A number of other popular apps that added AI features this year saw a boost in 2023, according to data provided by data.ai, formerly known as App Annie. Google saw a 44% year-over-year increase in downloads in the first three quarter of 2023, rising from 79.2 million to 114 million. Microsoft Edge about doubled its downloads — from 20 million to 39.9 million — while Bing saw app downloads increase 2,340% from 1.5 million to 36.6 million. Other apps that with new AI features that saw download increases were Expedia, Shopify and Chegg. However, others with new AI features saw declines including Snapchat (-10%), Slack (-8%) and Instacart (-3%).

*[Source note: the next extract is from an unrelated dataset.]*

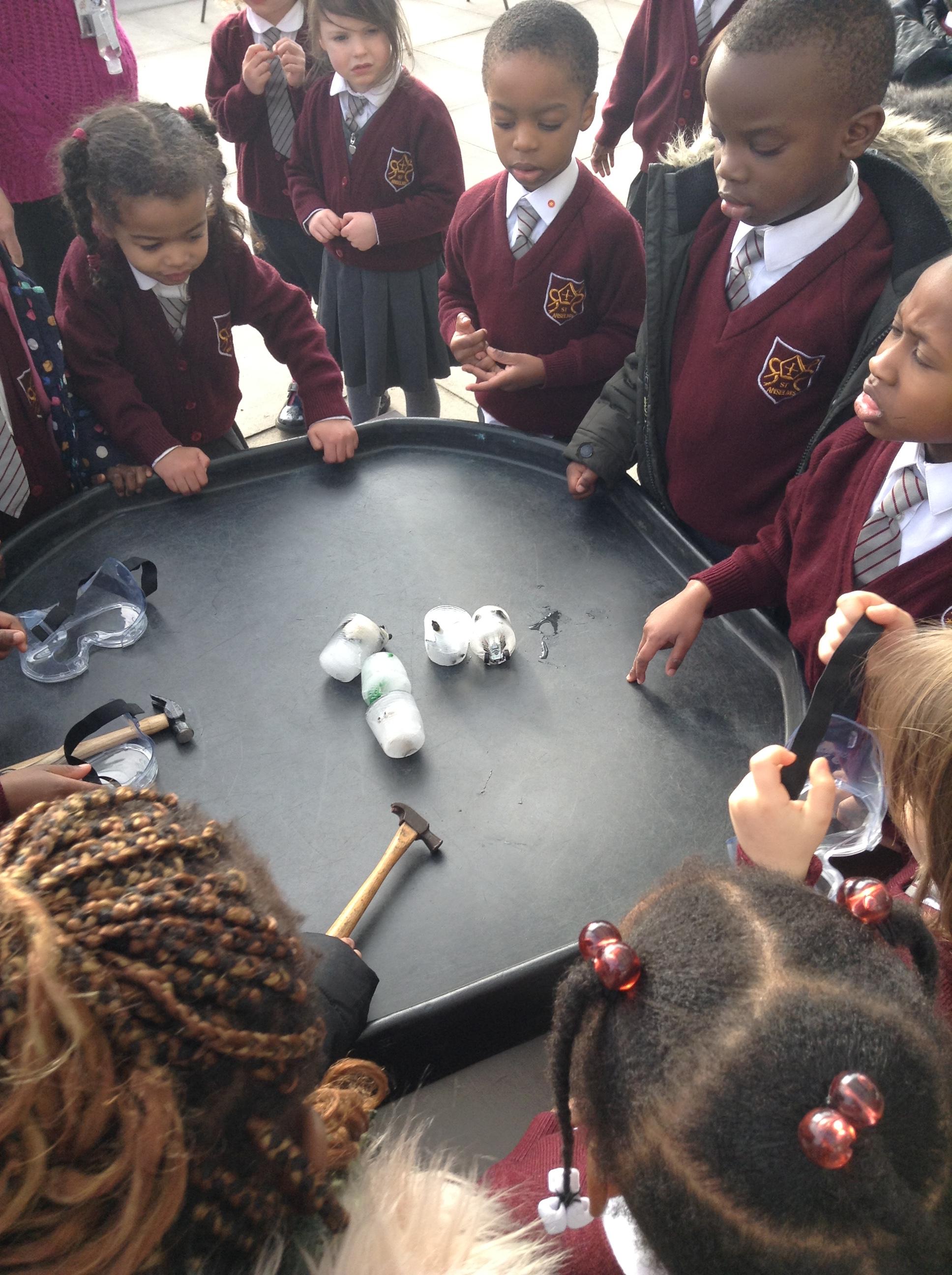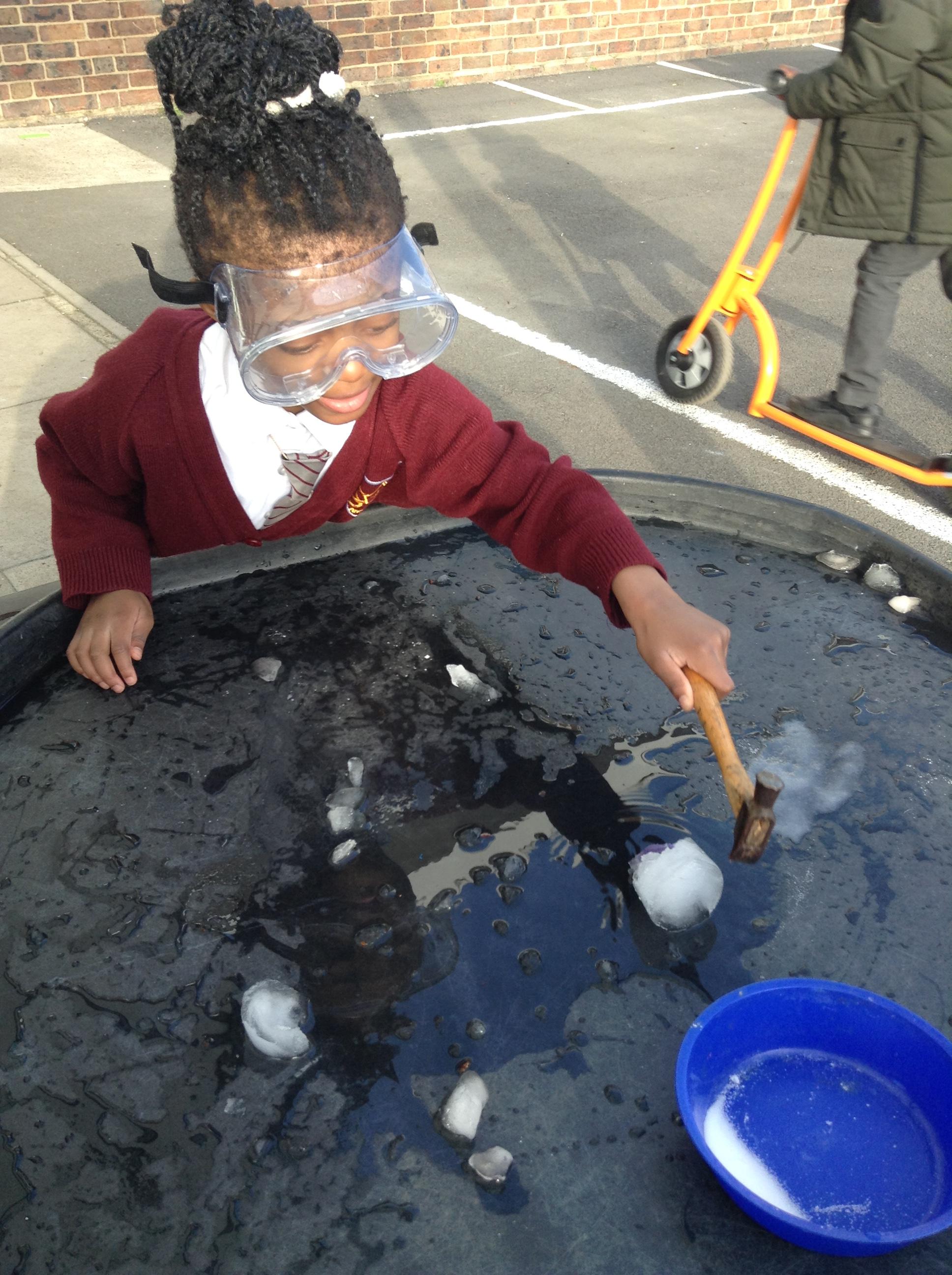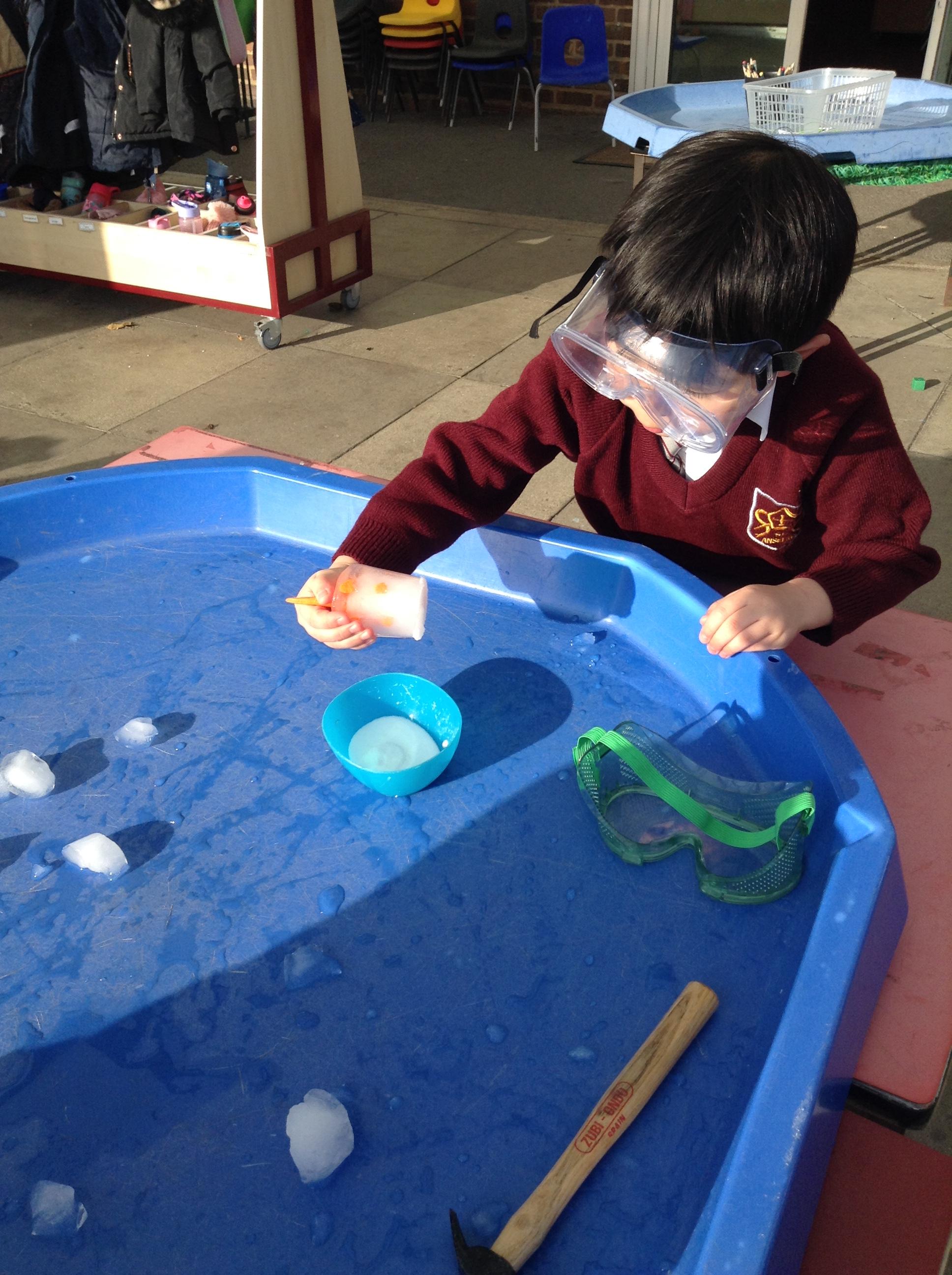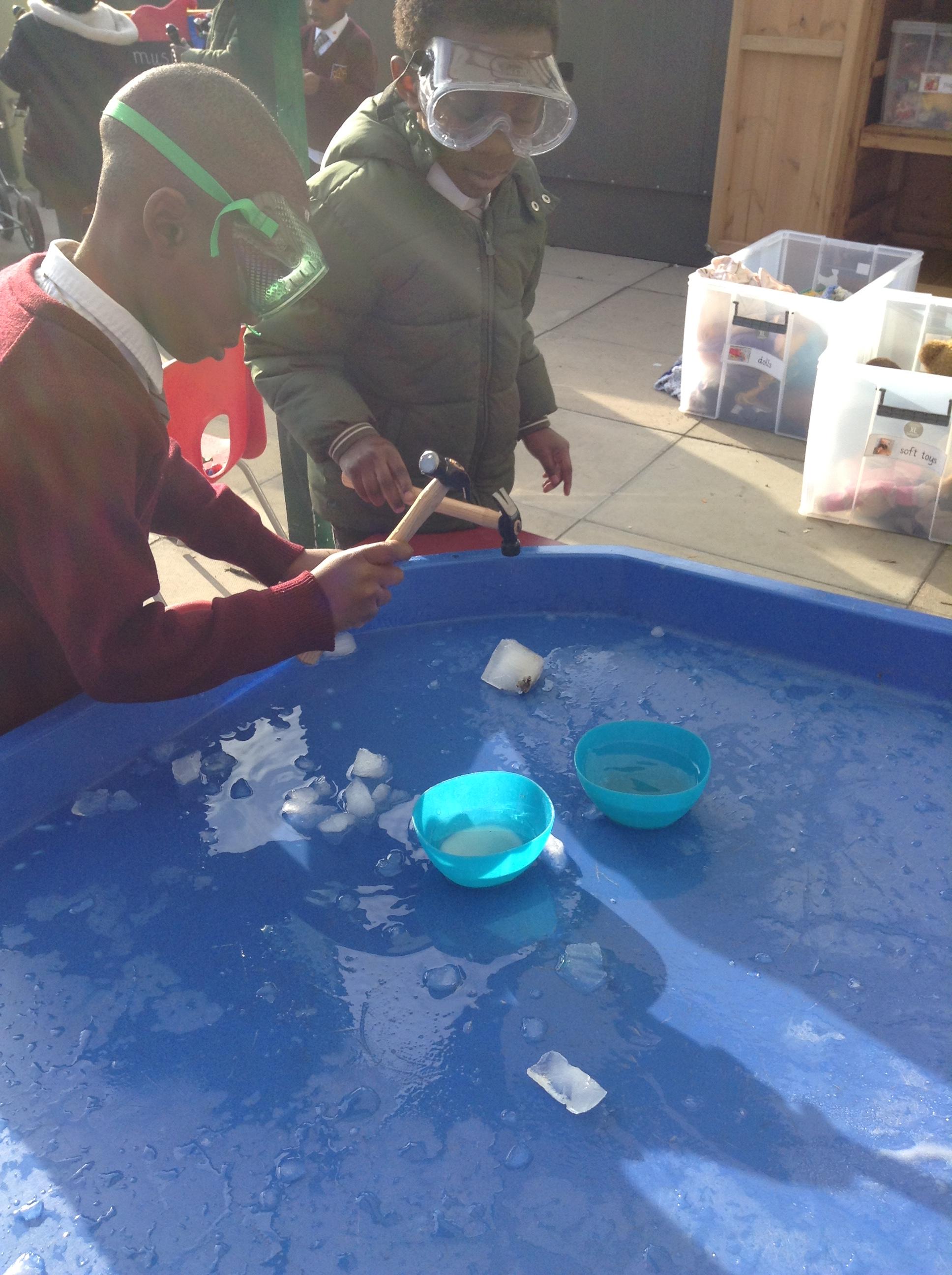 Then the Snow Queen visited our garden and turned some of the toys to ice! We rescued our toys by using hammers to break the ice. Some children used warm water and even salt to melt the ice.

When data.ai analyzed a list of top generative AI apps across iOS and Android, ChatGPT had the most downloads with 112.4 million worldwide and 19.5 million in the U.S. Other generative AI apps with the most downloads this year in the U.S. included chatbots including Ask AI (9.8 million) and Character AI (8.7 million) along with the AI art generator Wonder AI Art Generator (6.2 million).
A look back at last week
- OpenAI announced the official return of Sam Altman, less than two weeks after the board’s attempted coup. In a blog post, OpenAI explained the updates and included messages from Altman and Bret Taylor, who became board chair of OpenAI after last month’s shakeup. (Taylor was the former Salesforce co-CEO and former board chair of Twitter until it was sold to Elon Musk.)
- The worlds of privacy and AI converged in California as the California Privacy Protection Agency debuted a draft of regulations for AI and other types of “automated decisions technology.” Although rule-making won’t begin until next year, the agency — created as part of the state’s Consumer Privacy Act — will discuss the regulations at its next board meeting this week.
- In other AI privacy news, researchers at Google published a new paper showing evidence of ChatGPT leaking sensitive personal data. The findings also explain issues such as how researchers found explicit content or got ChatGPT to provide verbatim content from books and poems — potentially fueling more concerns about the copyright implications for AI.
- Generative AI might not be the best for the fight against climate change. According to new research from the AI startup Hugging Face and Carnegie Mellon University, generating a single AI image consumed as much energy as charging a smartphone.
Prompted products: New AI announcements
- At its re:Invent conference last week, Amazon unveiled a new AI assistant called Q, which companies can customize with their own data and systems using dozens of built-in connectors.
- Jasper, the generative AI startup for sales and marketing teams, announced a new partner program specifically for marketing agencies.
- Mastercard debuted Shopping Muse, a new AI tool for retailers, that offered to help shoppers search for items based on conversational queries.
- Arc, an alternative web browser, added a new ChatGPT integration that will automatically suggest the chatbot for search queries instead of Google.
- For this year’s Spotify Wrapped, the streaming platform showcased newly added AI features like its AI DJ that curates and narrates users along their journey back through 2023.
- A heartwarming new commercial from Apple highlight the company’s newly introduced AI feature called Personal Voice, which lets people replicate their voice and store it on their phone for future use in case the person ever loses their voice. The ad was directed by filmmaker Taika Waititi and narrated by Tristram Ingham, a physician and disability advocate.